Repository files navigation

create-skill-to-treat-cancer

GitHub stars Last Commit Python License: Apache 2.0

A meta-skill that converts NCCN Clinical Practice Guideline PDFs into structured AI skill packages following the Vercel Skills protocol.

English | 繁體中文

Disclaimer

This project is for research and testing purposes only.

The generated skill packages are not intended as a replacement for official NCCN Clinical Practice Guidelines. They are derived from NCCN content through automated extraction and AI-assisted conversion, which may introduce errors, omissions, or misrepresentations.
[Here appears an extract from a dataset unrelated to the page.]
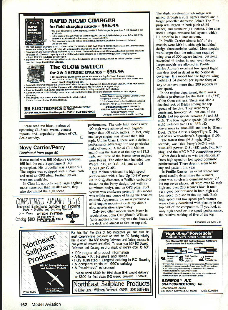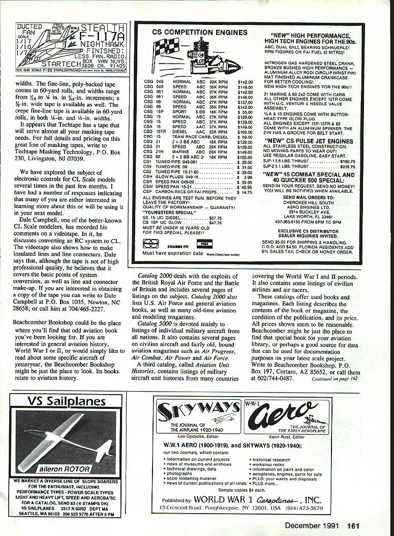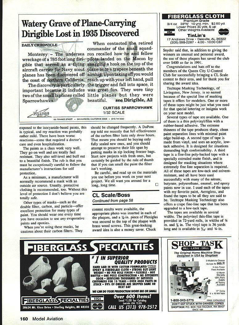 THE QUEEN CITY U-CONTROL CLUB recently took strides toward promoting CL Scale activities Cincinnati area Sunday June 3 marked day Queen City Club held its first CL Scale contest included Sport Profile events Although five contestants meet club members learned lot about both static flight judging contestants Charles Bauer Norridge Illinois Lynn Green Celina Ohio George Kite Indianapolis Indiana John Hale Louisville Kentucky Ken Grasser great group competitors George Kite placed first Sport event 1909 Antoinette followed John Hale flying Pitts Special Charlie Bauer third place flying F86 Profile event Lynn Green placed first P-61 Black Widow Charlie Bauer second place very large TA 154 Moskito CD Chuck Snyder said everything went off just fine running Scale contest great learning experience hoping better turnout next Scale meet awards presented winners unique member Queen City Club cabinet-maker designed awards bases plaques made cherry black walnut measure about 10 unique set awards cludes photo winning contestant made presented Queen City U-Control Club its first annual Scale con test Photo Jim Snyder Contestants First Annual Queen City U-Control Club Scale Meet held June 23 1991 John Hale Ken Grasser Charles Bauer Lynn Green George Kite Photo Jim Snyder in x 55 have kerfed edges three-section layout provides space club logo appropriate event graphic picture contestant receiving award club logo graphic lettering either hand drawn computer generated laid out finally George Kite Indianapolis IN cleans up 1909 AntoInette after flight put him first place Sport event Photo Jim Snyder photocopied using parchment paper Photos taken contestant model static judging completed film taken pre arranged basis one-hour-photo shop developed pictures flight judging taking place Continued page 160 Left This clean-looking neatly painted Pitts Special ready takeoff Pitta took second place John Hale Louisville Ken tucky Sport event Right highly modified P-51 Mustang designated Experimental finished color scheme used famous Paul Mantz printing fuselage listing accomplishments plane plane Bendix Trophy Winner 1946 1947 1948 held several other transcontinental records model built Ken Grasser Photo Jim Snyder 58 Model Aviation Lc Scale Bill Boss 77-06 269th Street New Hyde Park NY 11040 4 P-61 Black Widow lathe work Lynn Green Ceilna Ohio great-looking profile ver sion Night Fighter placed first Profile event Photo Jim Snyder Masking tapes have come age Techtspe Masking Technology Livingston New Jer sey can provide various types masking tapes can make application spe cial intricate paint schemes much easier exposed isocyanide-based paints typical reaction probably rather mild have worse reactionssome required doctors care hospitalization paints class work very well go well totally fuel resistant also self-level buff out beautiful finish rub must exceptionally careful follow manufacturers instructions self protection As minimum manufacturer will normally recommend mask outside air source Usually protective clothing recommended too Without level protection dont believe totally safe Other types maskssuch double filter carbon particleoffer excellent protection types paint should wear time have occasion use evaporative paints epoxies youre using masks cautious about carbon filters should changed frequently DuPont rep told recently full effectiveness carbon filter lasts three hours means should buying fully sealed new ones should attempt preserve life span putting masks zip locking freezer bags Start new projects fresh ones certainly guided rule thumb can smell paint filter isnt working careful read up materials use before work next project want around long long time CL Scale/Boss Continued page 58 contest results available appropriate photo inserted plaques %-in piece Plexiglas secured top plaque brass wood screws great-looking award idea also money saver Chuck S Premium Grade 3/4 oz 38W 10 yrd mm $250 yd L~rPrices 30 yds & up Weights Available TinLins 17 Andrews Drive Daleville AL 36322 205 598-2287 1000 OST Snyder said addition giving winners unusual personal award use plaques has saved club over $400 far 1991 Congratulations hats off members Queen City U-Control Club successfully bringing CL Scale contest area thank sharing award idea Techtape Masking Technology Livingston New Jersey named because special line masking tapes offers modelers tapes might just what need special lettering insignia work next model Several types tape available thin polyvinyl/film rubber-based adhesive extreme thinness tape produces sharp clean paint separation lines minimal paint edge build-up second type tape made vinyl uses acrylic lowtack adhesive designed situations demanding high conformability third tape fine-line poly-backed tape specially extruded matte finish designed masking situations extremely fine line separation required tapes low-tack solventresistant have used successfully nitrate w butyrate polyurethane enamel epoxy paints now use used tapes favorite paint Aerogloss found tapes said Techtape Masking Technology also offers crepe fine-line tape has upgraded low-tack tape tapes available several widths polyvinyl thin-film tape provided 72-yard rolls widths % vinyl tape 36 yards long available /16 A-in SHOP TASK original Home Machine Shop Designed USA Shoptask 3 Models Choose As LoA As 99599 3 AxiS PoAer Feed Available 12 MoatS Warracty 100% PatIo SuESly Toolieg Avatlable 17 Sedeg ii o 18 Mill Table 1 -8OO-~- 75141EE CATALOGUE DONT GET STUCK WITH CHINESE COPIES SHOPTASK PC BOX 7531-IWUOMA WA 98407 SINCE 1981 160 Model Aviation DA] Watery Grave Plane-Carrying Dirijible Lost 1935 Discovered contacted th retired commander pn 4 squad ron recalled l * fellow ded tte acon hook top e beneath igofttyou would left hand pull r fall space tiny see Dirigible A2 CURTISS SPARROWHAWK 1/32 SCALE 161 FAWNEE STREET MARCOS CALIFORNIA 92609 1 74432 ____________FII widths fine-line poly-backed tape comes 60-yard rolls widths range /16 4 in /6-in

  • For licensed healthcare professionals only. This tool is designed to assist clinicians who are already familiar with NCCN guidelines. It should not be used by patients or non-medical personnel for clinical decision-making.
  • Use with caution. Always verify treatment recommendations against the original NCCN guideline PDF and current institutional protocols before making clinical decisions.
  • Not a medical device. This software has not been validated for clinical use and does not constitute medical advice.
  • NCCN content is copyrighted. Users are responsible for ensuring compliance with NCCN's terms of use. The source PDFs are not included in this repository.

Overview

NCCN guideline PDFs are 300+ page documents covering cancer diagnosis, staging, treatment by line, supportive care, and evidence discussion. This project provides a pipeline to convert them into modular, navigable AI skill packages with progressive disclosure:

PDF (357 pages) → TOC extraction → Semantic chunking → Parallel Haiku conversion → Merge → Validate → Skill Package

5 generated skill packages (1,382 PDF pages processed):

Cancer Version Files Lines Citations
B-Cell Lymphomas v3.2025 34 8,592 3,479
Breast Cancer v2.2026 24 4,008 1,866
Non-Small Cell Lung Cancer v3.2026 36 5,691 2,796
Acute Myeloid Leukemia v3.2026 34 5,566 1,668
Colon Cancer v2.2026 33 8,765 2,065
Total 161 32,622 11,874

Architecture

create-skill-to-treat-cancer/     # The meta-skill (cancer-agnostic)
├── SKILL.md                      # 6-step orchestration workflow
├── scripts/                      # Pipeline scripts (Python + PyMuPDF)
│   ├── extract_toc.py            # PDF TOC → toc.json
│   ├── chunk_pdf.py              # Semantic chunking with auto-split (--max-chars)
│   ├── merge_parts.py            # Merge multi-part converted files
│   ├── assemble_skill.py         # Generate SKILL.md + organize references/
│   ├── quality_gate.py           # Identify low-quality outputs for retry
│   ├── validate_links.py         # Anti-orphan: link integrity checks
│   ├── validate_citations.py     # Anti-hallucination: [p.XX] coverage
│   └── check_format.py           # Vercel Skills protocol compliance
├── references/                   # Conversion prompts, dispatch protocol, docs
└── assets/                       # Templates and example category files

nccn-cancer-skill/                # Generated skill packages (committed)
├── b-cell-lymphomas/             # 34 files — FL, MCL, DLBCL, Burkitt, MZL, HGBL, APL...
├── breast-cancer/                # 24 files — DCIS, invasive, TNBC, HER2+, HR+, pregnancy...
├── nscl/                         # 36 files — EGFR, ALK, ROS1, PD-L1, staging, surgery...
├── aml/                          # 34 files — APL, AML induction/consolidation, BPDCN...
└── colon/                        # 33 files — staging, adjuvant, metastatic, MSI, KRAS...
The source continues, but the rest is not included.